DC content in the components of turmeric with or without heat treatment If no heat treatment Constituents of Turmeric Methanol (85%) Ethanol (85%) Methanol: Dichloromethanol (1: 1) CUR 235 mg 176 mg 59 mg DC 118 mg 106 mg 47 mg BDC 147 mg 129 mg 105 mg When heat treated (2-5h, 55-65 ℃) Constituents of Turmeric Methanol (85%) Ethanol (85%) Methanol: Dichloromethanol (1: 1) CUR 753 mg 588 mg 71 mg DC 347 mg 235 mg 47 mg BDC 459 mg 353 mg 106 mg

All. DC content analysis according to the ratio of methanol

In order to investigate the DC content according to the ratio of methanol, turmeric was extracted using methanol at a concentration of 100% to 70%. HPLC analysis showed the highest DC content in 95% of methanol.

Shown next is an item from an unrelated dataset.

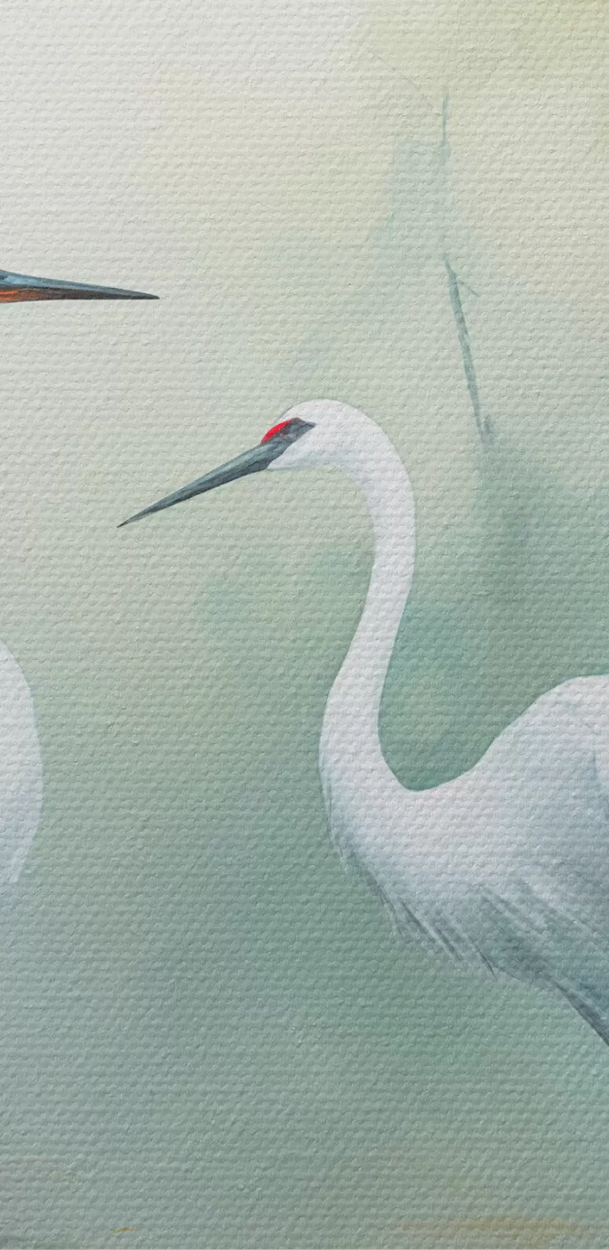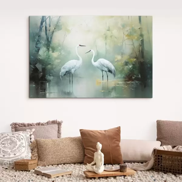 Cuadros Dos grullas blancas de pie en un estanque , rodeado de un frondoso bosque verde con iluminación suave y difusa Nr s43166

According to the experiments of the present inventors, when heat-treated at a methanol concentration of 70-98% and a temperature of 55-65 ° C for 2-5 hours, DC can be extracted at about 1.5 times or more compared to the conventional 5-day cooling method. This was confirmed.

On the other hand, the best effect was found to be the most efficient extraction of DC from turmeric by heat treatment (95C) for 3 hours with 95% methanol.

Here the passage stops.